‘Sex toys’ or religious relics? Wooden phalluses found at lost burial site in Xinjiang desert point to quirks of ancient Chinese society
Team finds evidence at Xiaohe Tomb complex that ‘blood worship’ may also have been a signature of this ancient socio-religious culture in Northwest China
Wooden carvings of male genitals found in the hands of female mummies discovered in northwest China’s Xinjiang Uyghur autonomous region were part of an ancient ritual, not sex toys, according to a new study by Chinese scientists.
The phallic carvings measured as small as 4 centimetres in length and were discovered in graves at the Xiaohe Tomb complex in Lop Nur, Xinjiang in the grip of 4,000-year old female mummies.
They were smaller than expected and mostly painted red to highlight their sacred status – hinting at their use in certain religious rituals.
They were found by a research team led by Yang Yimin, a professor of archaeological science at the University of Chinese Academy of Sciences in Beijing.
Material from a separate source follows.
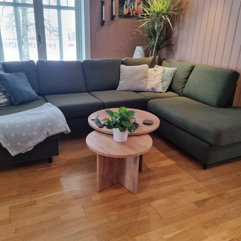 Malte Hjørnesofa i olivengrønn selges grunnet flytting. Kjøpt til 11.999kr høsten 2022.

The findings have been published in a paper in the peer-reviewed journal PLOS ONE, run by the San Francisco-based Public Library of Science.
Phallicism, also known as male organ worship, was a common ritual in many ancient cultures, with archaeologists often encountering relics representing sexual organs in tombs and other excavation sites.
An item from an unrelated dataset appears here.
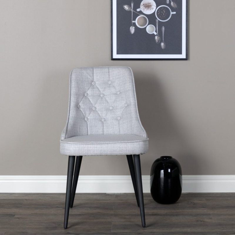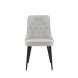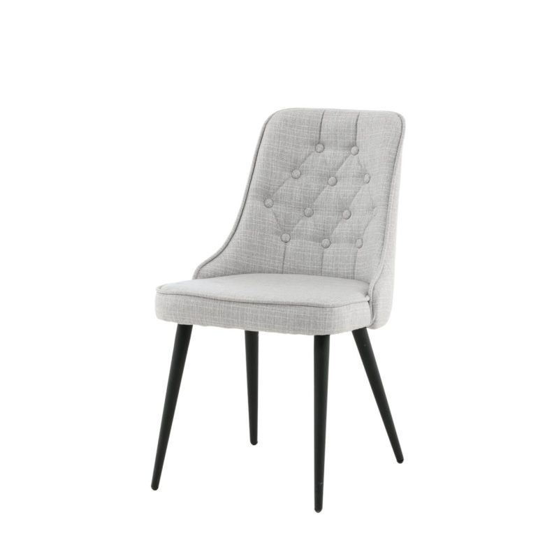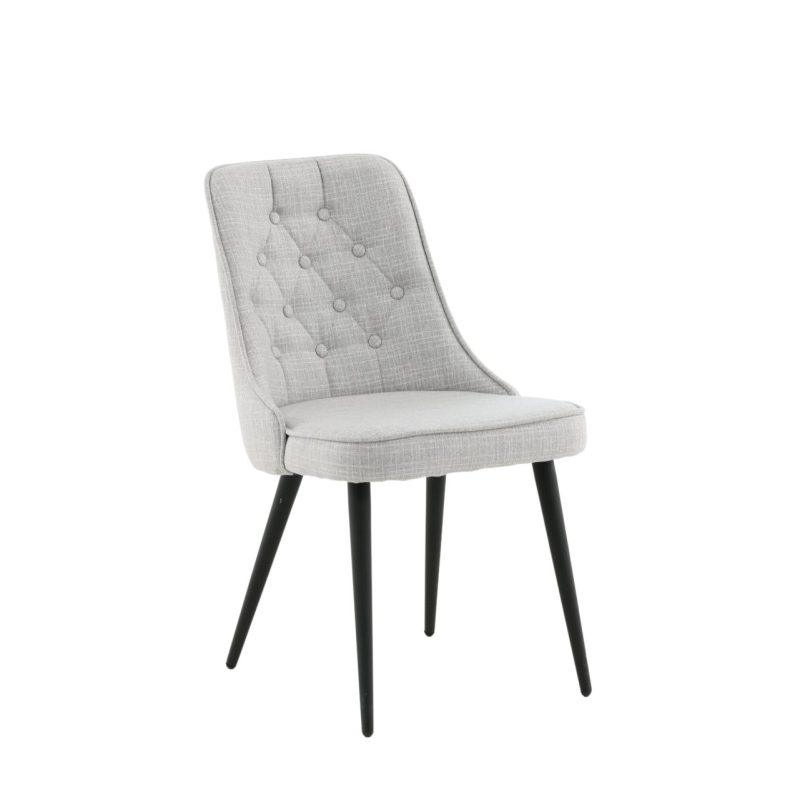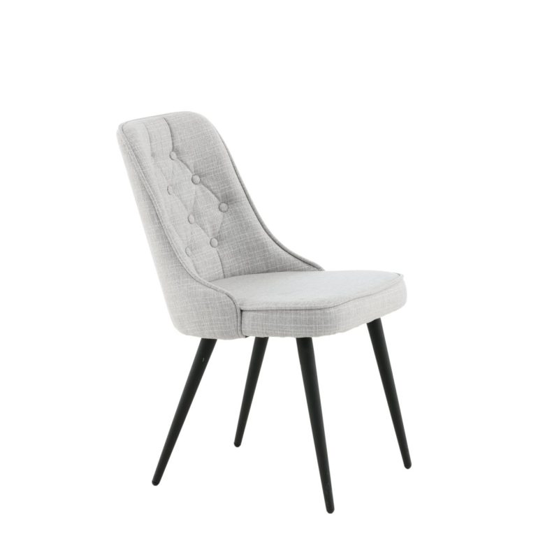 Tutvustame Velvet Deluxe söögitooli 2-pakki, millel on mustad jalad ja heleda hall kangas. See mugav, stiilne ja vastupidav söögitool Velvet Luxury sarjast uhkeldab täielikult riietatud disainiga, millel on peen hall polüesterkangas, nööbid ja dekoratiivne õmblus tagaküljel, mis lisab keerukat puudutust. Tooli toetavad musta pulbervärviga metalljalad ja pakub pehmet polsterdust seljatoel ja istmel mugavuse suurendamiseks. Kerge kokkupanek on vajalik, et luua luksuslik fookuspunkt teie elutoas.

In this case, the sexualised relics and sculptures could be separated into two categories: phalluses that played a role in tribal or social rituals, and olisboi – a classical word for dildos – that served an erotic function. In the majority of cases, their category is decided primarily by their size.
The tomb complex ranks as one of the largest and oldest burial sites in the world for mummies. The bronze-age burial site dates back to 1980BC, houses around 330 tombs, and contains more than 30 well-preserved mummies.
It was officially discovered by Swedish explorer Folke Bergman in the early 1930s with the aid of a local hunter who had stumbled upon the site some two decades earlier. The site was then obscured for decades by desert storms that shifted the sands of the surrounding desert.
In 2003, government-sponsored archaeologists in Xinjiang rediscovered it. They found that half of the tombs had been looted and the others undisturbed, with shrivelled corpses of both men and women well-preserved in boat-shaped coffins wrapped in cattle hides.
The archaeologists were shocked to find replica wooden genitalia in the left hand of almost every female at the tomb complex, suggesting an extreme form of phallic worship in this primitive Chinese society.
The females also carried leather bags attached to the right side of their waists, which included cosmetic “sticks” made from bovine hearts, according to studies conducted by Yang’s team.
Chemical analysis of the paint on the sticks showed them to be hematite powders – hematite is a blood red-coloured iron ore – that matched other daubings on the faces, personal items and even phallic artefacts of the mummies.
“So using cattle hearts as tools to paint red marks on the human face, as well as on objects such as vertical wooden pillars and wooden phalluses … was a sacred and significant religious form of behaviour for the Xiaohe people,” the team wrote in the paper.
“The colour red was usually considered a symbol of worship,” they wrote.
“Using [the] heart as a painting tool may indicate that ‘blood worship’ was a signature of this socio-religious culture.”
Huang Shouyu, a historian based in Changsha, in central China’s Hunan province, agreed that the replica wooden genitals at the tomb complex were likely used for religious purposes.
But Huang, who has authored several books on sexual worship in ancient Chinese cultures, said that as the relics were uncommonly small for this purpose, they could have served another role – as pleasure-giving dildos.
“They may have served as both sacred items and sex toys,” he said.
“It probably would have made little difference to our ancestors.”